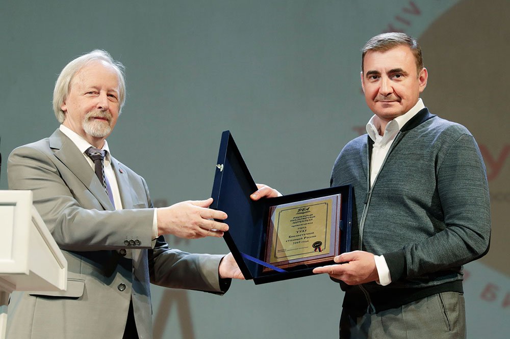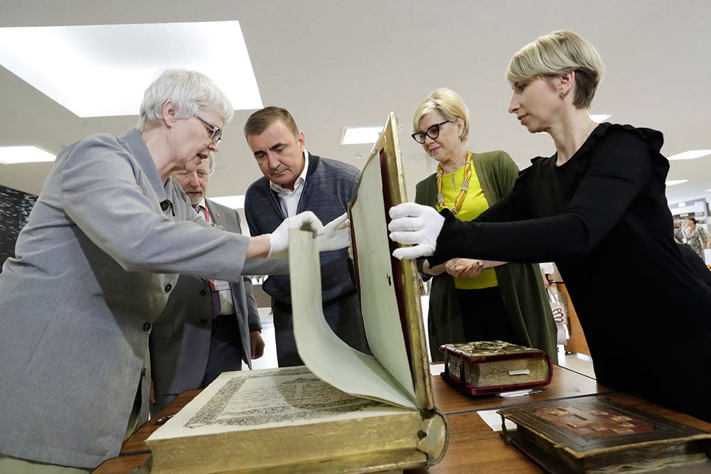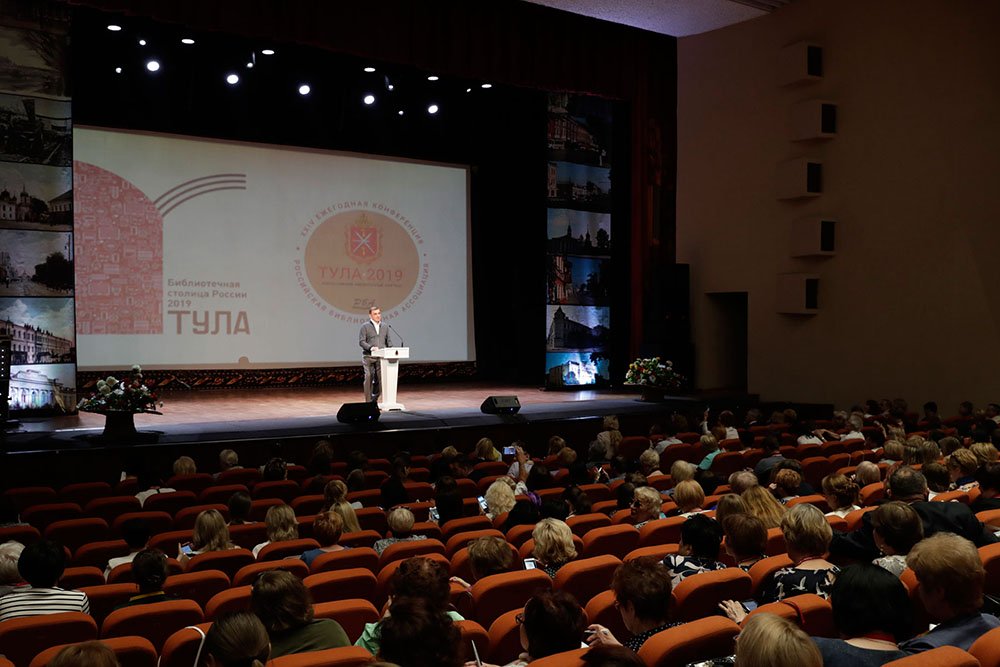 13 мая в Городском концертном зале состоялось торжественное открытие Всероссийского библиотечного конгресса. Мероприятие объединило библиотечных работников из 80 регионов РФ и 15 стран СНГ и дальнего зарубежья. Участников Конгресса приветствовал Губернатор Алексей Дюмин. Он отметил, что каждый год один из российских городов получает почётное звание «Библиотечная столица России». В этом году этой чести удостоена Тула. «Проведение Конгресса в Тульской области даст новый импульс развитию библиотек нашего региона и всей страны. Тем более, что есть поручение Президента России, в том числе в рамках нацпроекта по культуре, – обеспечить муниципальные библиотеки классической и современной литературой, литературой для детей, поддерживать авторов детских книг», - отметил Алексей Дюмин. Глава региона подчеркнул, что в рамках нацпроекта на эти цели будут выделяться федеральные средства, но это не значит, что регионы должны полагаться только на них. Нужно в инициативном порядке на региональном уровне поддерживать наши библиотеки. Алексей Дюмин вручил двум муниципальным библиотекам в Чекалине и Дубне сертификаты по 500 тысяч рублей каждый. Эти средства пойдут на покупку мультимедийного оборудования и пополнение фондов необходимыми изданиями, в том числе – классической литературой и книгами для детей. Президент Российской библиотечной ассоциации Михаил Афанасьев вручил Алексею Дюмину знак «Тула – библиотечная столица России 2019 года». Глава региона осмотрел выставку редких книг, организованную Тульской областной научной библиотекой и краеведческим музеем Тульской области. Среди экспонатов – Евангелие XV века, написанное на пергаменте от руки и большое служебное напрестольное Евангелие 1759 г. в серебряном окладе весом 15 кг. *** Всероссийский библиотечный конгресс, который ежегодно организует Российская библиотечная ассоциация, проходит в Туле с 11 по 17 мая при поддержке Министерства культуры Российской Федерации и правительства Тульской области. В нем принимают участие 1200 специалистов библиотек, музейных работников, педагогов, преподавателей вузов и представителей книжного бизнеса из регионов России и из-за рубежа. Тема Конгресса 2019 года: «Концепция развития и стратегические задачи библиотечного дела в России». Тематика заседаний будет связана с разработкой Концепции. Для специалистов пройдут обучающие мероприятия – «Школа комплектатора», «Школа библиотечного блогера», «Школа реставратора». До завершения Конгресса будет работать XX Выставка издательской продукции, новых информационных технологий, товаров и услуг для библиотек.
********
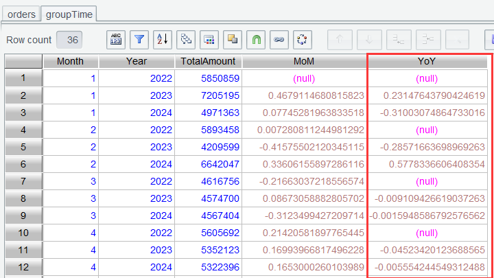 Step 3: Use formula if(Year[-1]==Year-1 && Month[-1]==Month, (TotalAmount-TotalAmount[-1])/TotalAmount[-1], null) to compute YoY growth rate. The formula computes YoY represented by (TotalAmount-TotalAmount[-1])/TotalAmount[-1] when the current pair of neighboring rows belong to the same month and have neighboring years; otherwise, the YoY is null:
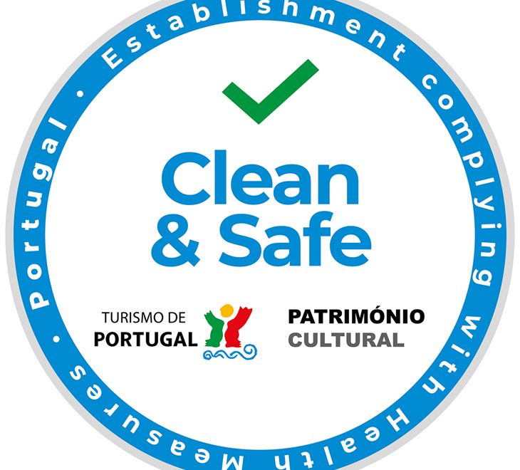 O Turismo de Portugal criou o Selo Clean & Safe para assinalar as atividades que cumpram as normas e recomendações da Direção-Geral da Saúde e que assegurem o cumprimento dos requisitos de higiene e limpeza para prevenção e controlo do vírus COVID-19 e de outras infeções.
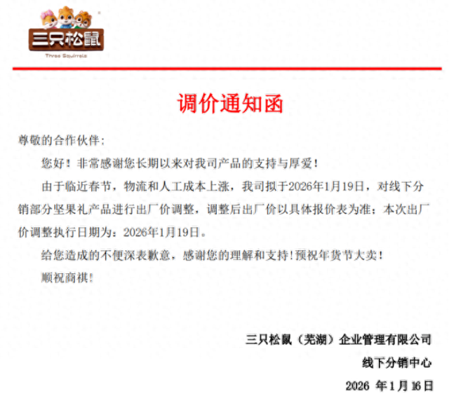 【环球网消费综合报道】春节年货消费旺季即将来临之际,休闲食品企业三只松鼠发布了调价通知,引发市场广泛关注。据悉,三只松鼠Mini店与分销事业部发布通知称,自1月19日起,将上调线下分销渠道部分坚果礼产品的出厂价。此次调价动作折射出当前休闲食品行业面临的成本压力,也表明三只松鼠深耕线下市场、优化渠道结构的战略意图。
********
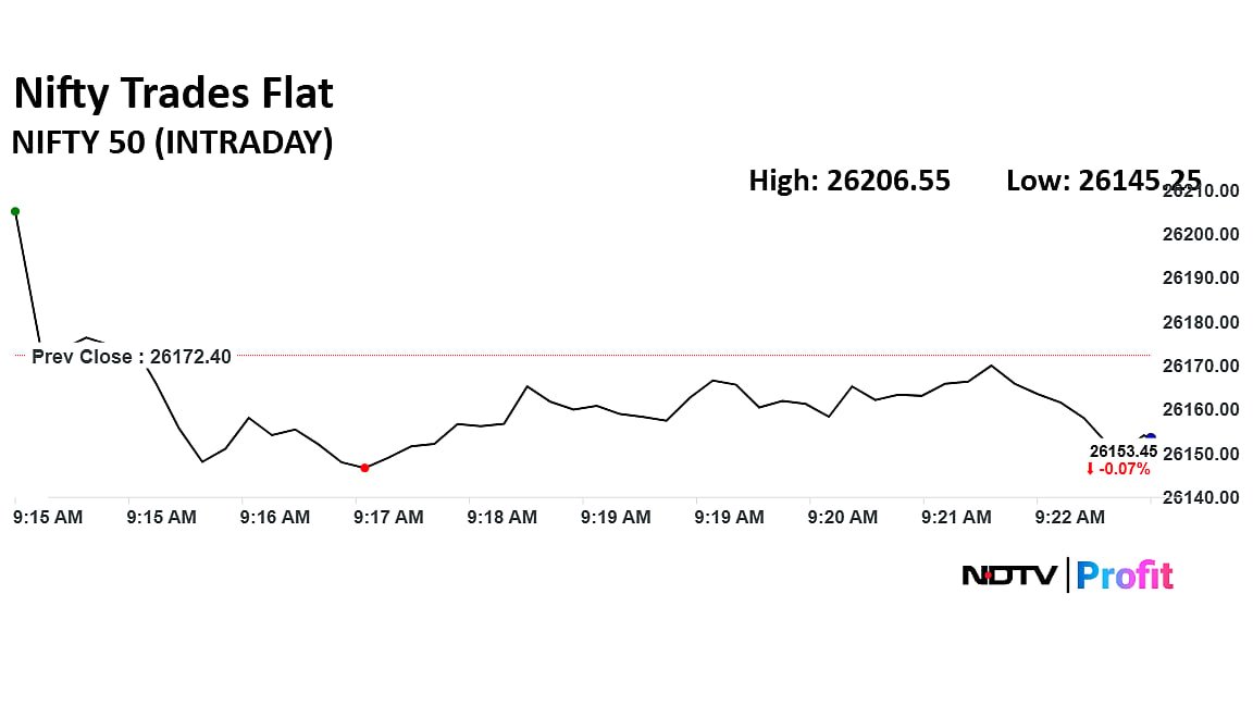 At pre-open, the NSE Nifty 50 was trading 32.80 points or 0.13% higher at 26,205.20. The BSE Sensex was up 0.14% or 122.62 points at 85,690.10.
********
• Task directions
Please output, exactly as written, the lines above from the one holding "Step 3: Use" through the one holding "O Turismo de", both included, with the pictures omitted.

• Answer to this problem
 Step 3: Use formula if(Year[-1]==Year-1 && Month[-1]==Month, (TotalAmount-TotalAmount[-1])/TotalAmount[-1], null) to compute YoY growth rate. The formula computes YoY represented by (TotalAmount-TotalAmount[-1])/TotalAmount[-1] when the current pair of neighboring rows belong to the same month and have neighboring years; otherwise, the YoY is null:
 O Turismo de Portugal criou o Selo Clean & Safe para assinalar as atividades que cumpram as normas e recomendações da Direção-Geral da Saúde e que assegurem o cumprimento dos requisitos de higiene e limpeza para prevenção e controlo do vírus COVID-19 e de outras infeções.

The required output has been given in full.